Yan Laoxi, dicen que soy tacaño, avaro, un calculador astuto y todo tipo de

cosas más.

 Pero, ¿de verdad quiero hacerlo? Originalmente, mi familia estaba

compuesta por seis personas: tres chicos casi adultos y una chica. Todos

comíamos mucho, y si no hubiéramos sido cuidadosos con nuestras finanzas,

habríamos muerto de hambre hace mucho tiempo.

Hace unos años, cuando las condiciones eran malas, mucha gente...

 Mírame ahora, mi hijo mayor está casado y los menores están todos en la

escuela, todo gracias al dinero que he ganado con tanto esfuerzo, centavo a

centavo…

 En ese momento, el tercer tío volvió a coger su copa de vino, se la bebió

de un trago, luego dejó la copa y se dio una palmadita en la cara con la

mano: Xia, tu tercer tío también es un erudito, por no mencionar un...

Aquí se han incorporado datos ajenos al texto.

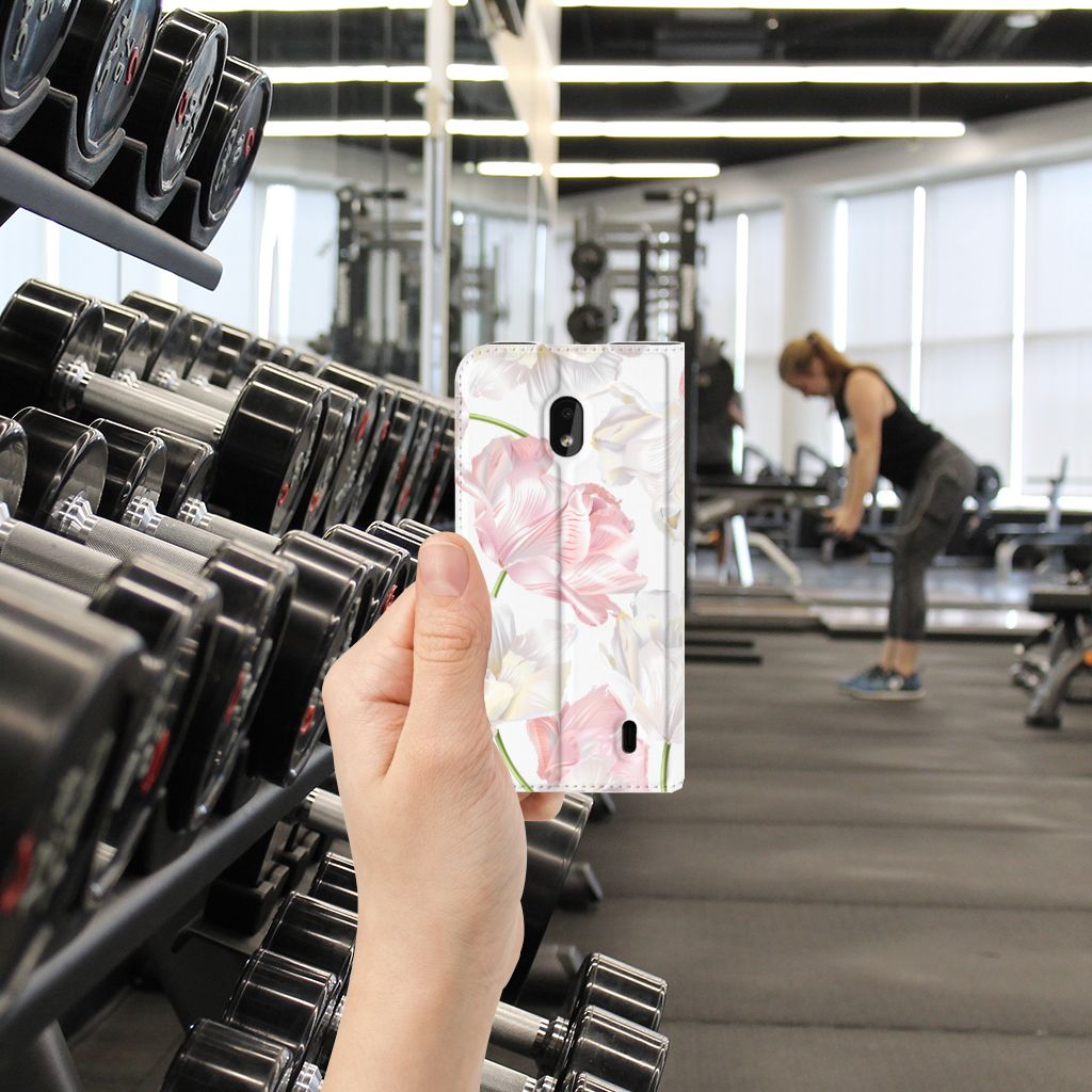 Een bosje bloemen doet een mens (en zijn smartphone) goed. De witte en roze bloemen op dit Nokia 2.2 Smart Cover geven jouw smartphone een zeer mooie uitstraling. Je wordt er ook meteen een stuk rustiger van als je aan het appen of aan het bellen bent. Valt dan je telefoon op de grond, dan zal er dankzij de stand case met het design Lovely Flowers ontstaan. Onze stand cases met roze en witte bloemen zien er zeer prettig uit en zijn heel praktisch, wat blijkt uit onder meer het vakje aan de binnenkant en de handige standaard waarmee je de smartphone rechtop op tafel neer kunt zetten. De roze en witte bloemen passen goed op alle zijden van de case. Op deze stand case van leer en TPU (houder aan de binnenkant) kun je trouwens ook je eigen bloemige ontwerp zetten. In een paar simpele stappen maak je zelf een stand hoesje met daarop jouw mooiste bloemen.
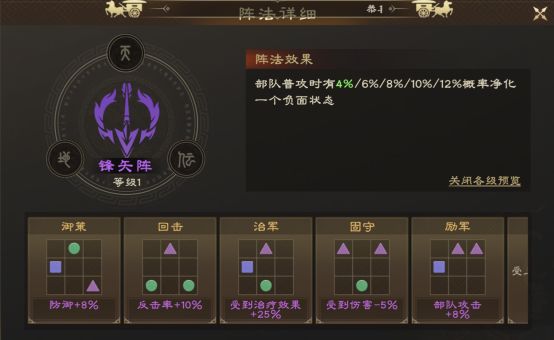 锋矢阵能让部队每次普攻都有几率净化负面状态,可用于预防重伤,对刘备治疗表现帮助极大。鹤翼阵则主打反击概率加成,能提升队伍输出能力。

profesor, yo también tengo mi orgullo.

Si no fuera por la grave situación económica de la familia, ¿quién estaría

dispuesto a dejar de lado su orgullo y pasar los días preocupándose por cada

pequeña cosa?

 Al escuchar el arrebato de borracho del Tercer Tío, Xia Chen permaneció

en silencio. Además, el Tercer Tío no necesitaba que dijera nada; simplemente

quería desahogarse, liberar el resentimiento por ser menospreciado y el dolor

de ser incomprendido por sus hijos.

 El tercer tío sin duda lo pasó mal. Lo único que hizo bien fue, quizás, ser

demasiado implacable en sus cálculos, calculando meticulosamente los lazos

familiares y las deudas de gratitud que tenía con sus hijos. Esto provocó que

sus hijos lo imitaran en el futuro; después de saldar sus deudas de gratitud,

ellos también empezarían a conspirar contra él…

 Xia Chen no pudo evitar recordar un limerick que había leído en línea en

su vida anterior: "Con más de cuarenta años y sin libertad, en un abrir y

cerrar de ojos, mis padres se llenan de preocupación".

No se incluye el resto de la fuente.